Publication year - 2016
Publication title -
geophysical research letters
Language(s) - English
Resource type - Journals
SCImago Journal Rank - 2.007
H-Index - 273
eISSN - 1944-8007
pISSN - 0094-8276
DOI - 10.1002/2016gl069095
Subject(s) - magnetopause , magnetosheath , magnetic reconnection , geophysics , physics , earth's magnetic field , interplanetary magnetic field , northern hemisphere , line (geometry) , field line , magnetic field , solar wind , astrophysics , atmospheric sciences , geometry , mathematics , quantum mechanics
At 02:13 UT on 18 November 2015 when the geomagnetic dipole was tilted by −27°, the MMS spacecraft observed southward reconnection jets near the subsolar magnetopause under southward and dawnward interplanetary magnetic field conditions.
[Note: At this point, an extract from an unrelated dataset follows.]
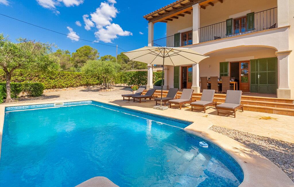 Villaen “Casa Ferie” på Mallorcas sydkyst er for nylig blevet renoveret og opgraderet inde og ude af ejerne af nabovillaen “Clafé”. Ekspansive udendørs siddepladser tilbyder en fantastisk havudsigt, der står i levende kontrast til den dybblå himmel. Udendørsområdet, dekoreret med middelhavsplanter, er blevet nydesignet og byder nu på grus, fliser og natursten. Nye hække blev plantet i haveområdet. Derudover blev der tilføjet en ny klippehave, udendørs grill med sti og udendørs bruser. Fra den charmerende søjlegang veranda med havudsigt med udendørs spiseplads kan I nyde en fantastisk udsigt over den 28 m² store pool og den sydvendte solterrasse. Komfortable liggestole og en stor parasol inviterer jer til at slappe af. På samme etageareal, en etage højere, er havudsigten endnu mere eksklusiv. Denne etage byder også på smukke siddepladser. Der er endnu en altan på østsiden af huset. Villaens lyse, indbydende interiør imponerer med en harmonisk blanding af smagfuld indretning og nøje udvalgte byggematerialer. I stueetagen finder I en åben stue og spisestue med komfortable sofaer, satellit-tv og en åben pejs, som inviterer jer til at slappe af komfortabelt i de køligere måneder. Det moderne køkken med lav vedligeholdelse er fuldt udstyret med nyt køleskab, emhætte, ovn, keramisk kogeplade, opvaskemaskine, mikroovn, filterkaffemaskine og elkedel. En stilfuld, åben trappe fører jer til øverste etage. De tre rummelige soveværelser, hvoraf det ene har eget badeværelse, har hver deres udgang til det fri og er udstyret med nye senge og madrasser. De tilgængelige sengestørrelser er en dobbeltseng, der måler 1,60 x 2,00 m og to dobbeltsenge, der måler 2 x 1,00 x 2,00 m. Badeværelserne, nogle dekoreret med mosaikfliser, er ganske enkelt elegante og yderst funktionelle. Varm/kold aircondition er installeret i hele huset, og en vaskemaskine, tørretumbler, strygebræt og strygejern er til rådighed. Den knaldgule villa “Casa Ferie” med havudsigt ligger kun omkring 100 m i luftlinje fra kysten, i den østlige udkant af den lille landsby Vallgonera-Es Pas, på den sydlige del af øen og hører til til den nærliggende kommune Cala Pi Find her I finder typiske mallorcanske restauranter og alt hvad I behøver til jeres daglige behov. Klipperne, som er inden for gåafstand, giver direkte adgang til havet. Køreturen fra villaen til Palma de Mallorca Lufthavn tager 35 minutter.

Based on four‐spacecraft estimations of the magnetic field direction near the separatrix and the motion and direction of the current sheet, the location of the reconnection line was estimated to be ~1.8 R E or further northward of MMS. The Geotail spacecraft at GSM Z ~1.4 R E also observed southward reconnection jets at the dawnside magnetopause 30–40 min later. The estimated reconnection line location was northward of GSM Z ~2 R E . This crossing occurred when MMS observed purely southward magnetic fields in the magnetosheath. The simultaneous observations are thus consistent with the hypothesis that the dayside magnetopause reconnection line shifts from the subsolar point toward the northern (winter) hemisphere due to the effect of geomagnetic dipole tilt.